@assemblylanguage/humble
v2.0.0
Published
Bundle web pages for offline viewing
Downloads
1
Readme
Humble (HTML Bundler)
Bundle web pages for offline viewing
Table of Contents
Overview
A web page bundler, similar to Monolith, with these in mind:
- Security: Incorporates DOM Purify and custom sanitizers to remove possible malware from bundles.
- Speed: Resources are fetched asynchronously when they are needed for bundling. Any resources not needed are not fetched to improve speed.
- Efficiency: High levels of minification and compressions through Terser, Clean CSS, HTML Minifier, and many more custom minifiers.
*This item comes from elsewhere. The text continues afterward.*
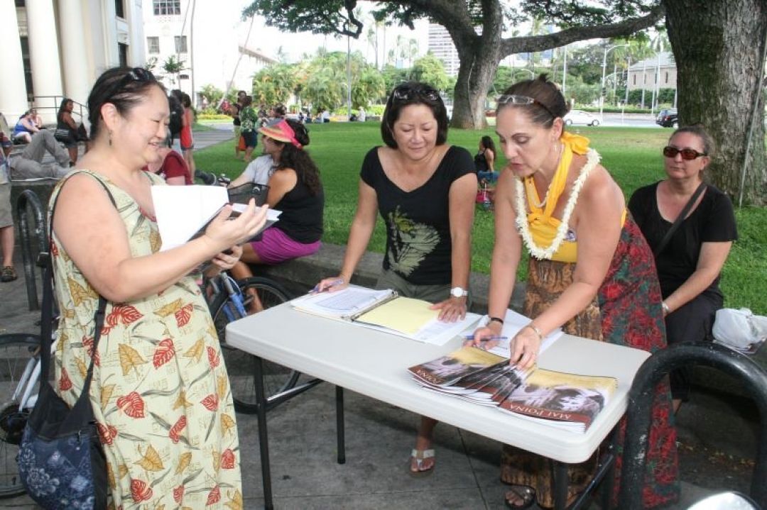 KS is a member of the Hawai‘i Pono‘ī Coalition, sponsor of the walking tours. Above KS staffers Marsha Bolson and Pi'ilani Hanohano greet guests.
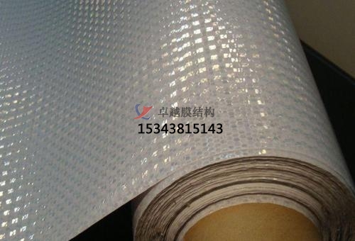 膜結(jié)構(gòu)車棚上面的膜材是一一種刀刮布,是一種化學(xué)合成材料,厚度比普通的布要厚。刀刮布的正面是光滑的,背面是粗糙的,顆粒狀比較厚分布布均勻。

- Extensibility: Extensive CLI API for customizing bundling process.
Usage
Creating an archive of a webpage:
humble \
https://wikipedia.org/wiki/Unix \
--out archive.html
Adding a custom style sheet to the archive:
humble \
https://wikipedia.org/wiki/Unix \
--inject-custom-style-sheet ./styles.css \
--out archive.html
Creating a safe archive by removing scripts, frames, URLs, etc.
humble \
https://wikipedia.org/wiki/Unix \
--sanitize \
--out archive.html
Minifying HTML, CSS, and JS in the archive:
humble \
https://wikipedia.org/wiki/Unix \
--minify \
--out archive.html
Beautifying HTML, CSS, and JS in the archive:
humble \
https://wikipedia.org/wiki/Unix \
--beautify \
--out archive.html
Grayscaling the archive:
humble \
https://wikipedia.org/wiki/Unix \
--grayscale \
--out archive.html
Additional options through the --help
command:
Usage: humble [options] <url>
Humble - HTML page bundler.
Arguments:
url The URL of the page that will be bundled. Either an absolute HTTP URL or relative or absolute file URL.
Options:
-v, --version output the version number
-o --out <type> The path of the file that the HTML archive will be written to.
-s --silent Silences all of the console output.
-c --check-dependencies Checks which dependencies used by Humble are available on the platform.
--use-title Uses the title of the document as the output file name.
--remove-style-tags Removes `<style>` tags from the HTML page.
--remove-alternative-styles-tags Removes alternative style sheets from the HTML page.
--remove-inline-styles Removes inline `style` attributes.
--remove-styles Removes all styles from the HTML page.
--add-style-csp Sets a style `Content-Security-Policy` to block styles.
--remove-script-tags Removes `<script>` tags from the HTML page.
--remove-noscript-tags Removes `<noscript>` tags from the HTML page.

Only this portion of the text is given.